Collaboration and Conservation Endeavors:

  1. The proposals underscore the significance of collaborative efforts among a range of states to address challenges faced by migratory species, engage in research activities, and implement conservation projects.
  2. Range states, denoting countries or territories within the natural geographical range of a particular species, play a direct role in managing, conserving, and protecting both the species and its habitat.
  3. The emphasis has been placed on preserving existing populations, enhancing connectivity, safeguarding habitats, and restoring population levels.


Regional and Global Conservation Initiatives:

  1. The acceptance of the proposals reflects a commitment to addressing conservation challenges at both regional and global levels.
  2. Measures have been recommended to protect specific populations, such as the Baltic Proper population of the harbour porpoise and the Mediterranean Sea populations of various species, while also considering broader conservation strategies.


International Cooperation:

  1. Range states collaborated to propose amendments to the listings and the adoption of conservation measures.
  2. Countries such as North Macedonia, Kazakhstan, Uzbekistan, Chile, Argentina, Peru, Brazil, Uruguay, Ecuador, Panama, and others supported the listing proposals and called for unified efforts to safeguard migratory species and their habitats.


Recognition of Endangered Status:

  1. A number of species have been listed in the IUCN Red List as “Vulnerable,” “Endangered,” or “Critically Endangered” because of population loss and other concerns. These species include the  Peruvian pelican, Lahille’s bottlenose dolphin, and Magellanic plover.
  2. Listing these species in CMS appendices is intended to elevate their conservation status and provide support for habitat protection.



About Convention on the Conservation of Migratory Species


Introduction to CMS:

The Convention on the Conservation of Migratory Species of Wild Animals, commonly known as the Bonn Convention, stands as a vital environmental treaty operating under the United Nations Environment Programme.

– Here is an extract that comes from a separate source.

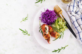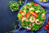 Zdjęcie "Sałatka krewetek. Sałatka z krewetek, rukola, plasterek awokado, zbliżenie. Zdrowa koncepcja. Widok z góry, sztandar, płaski układ" może być wykorzystywane do celów osobistych i komercyjnych zgodnie z warunkami zakupionej licencji Royalty-free. Obraz jest dostępny do pobrania w jakości wysokiej rozdzielczości do 5760x3840.
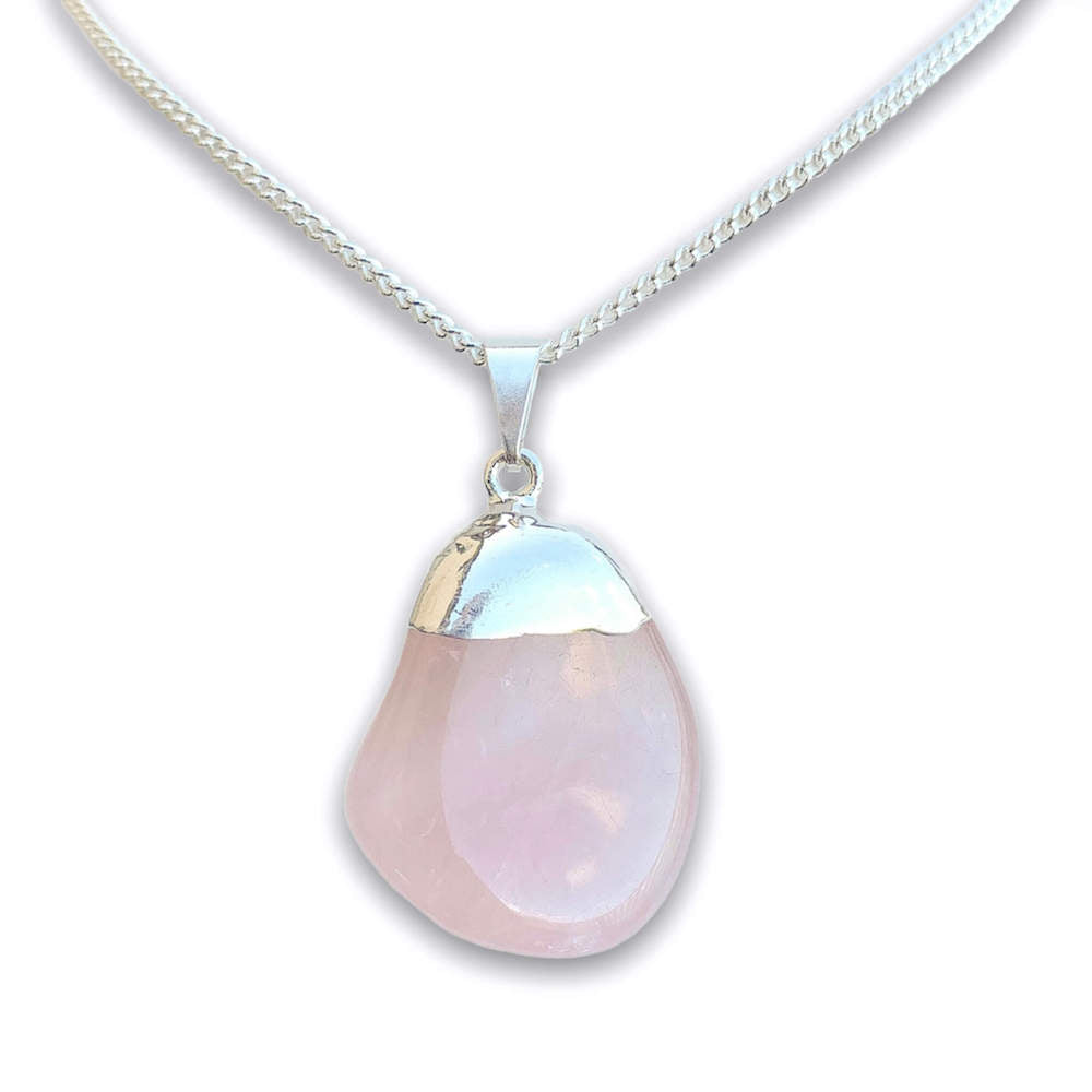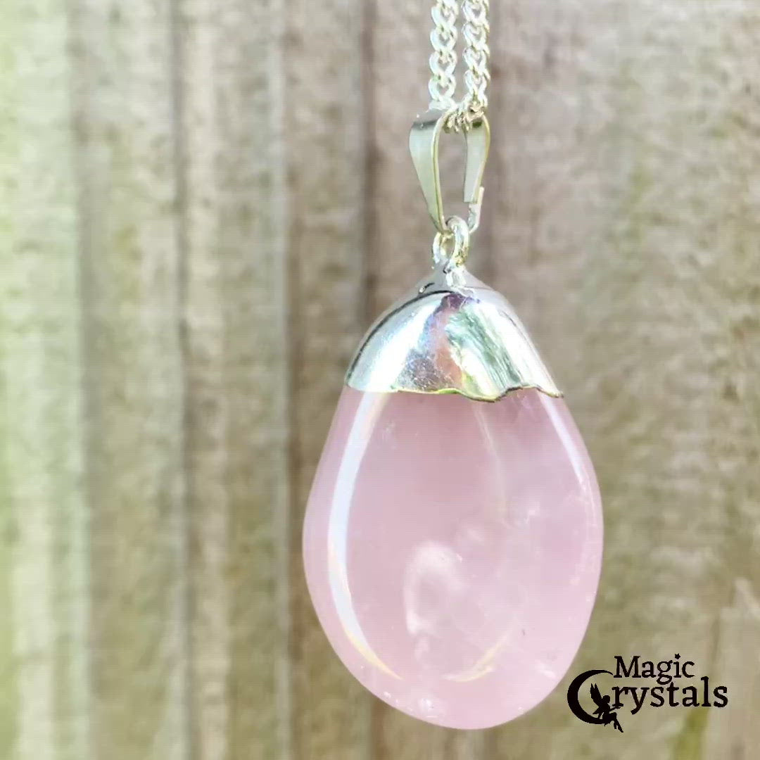 - Auténtica piedra de cuarzo rosa pulida engarzada en plata de ley

Originating in Bonn, Germany, it was signed on 23 June 1979. This international accord serves as a global platform, addressing the conservation and sustainable utilisation of migratory animals and their habitats.


Global Conservation Mandate:

CMS holds the distinctive position of being the only global and UN-based intergovernmental organisation exclusively dedicated to the conservation and management of terrestrial, aquatic, and avian migratory species across their entire range. Recognising the significance of conserving migratory species, the convention underscores the need for special attention to species facing unfavourable conservation statuses.

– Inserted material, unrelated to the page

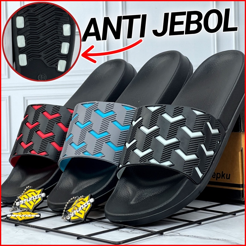 Estunice Sandal Slop Pria Slip On Slide Selop Karet - Virgo Hitam

Diverse Conservation Instruments:

Participating CMS Parties engage in various activities, ranging from legally binding treaties, termed Agreements, to less formal instruments like Memoranda of Understanding. The decision-making body of the convention is the Conference of Parties (COP).


CMS Appendices: Key Components

Appendix I:

This section of CMS catalogues endangered migratory species and imposes prohibitions on activities impacting these species. The focus is on stringent measures to protect and preserve these vulnerable populations.


Appendix II:

Appendix II features species with an ‘unfavourable conservation status,’ as defined by the Convention. It encourages range states to collaboratively formulate agreements for the conservation and management of these species, emphasising a cooperative approach.


  • India’s Role in CMS
  • Long-standing Partnership: India has been a committed party to the CMS since 1983, reflecting its dedication to international conservation efforts.
  • Specific Collaborations: India has further strengthened its commitment by signing non-legally binding Memorandum of Understanding (MOUs) with CMS. These agreements showcase India’s specific efforts to contribute to the conservation and management of these migratory species.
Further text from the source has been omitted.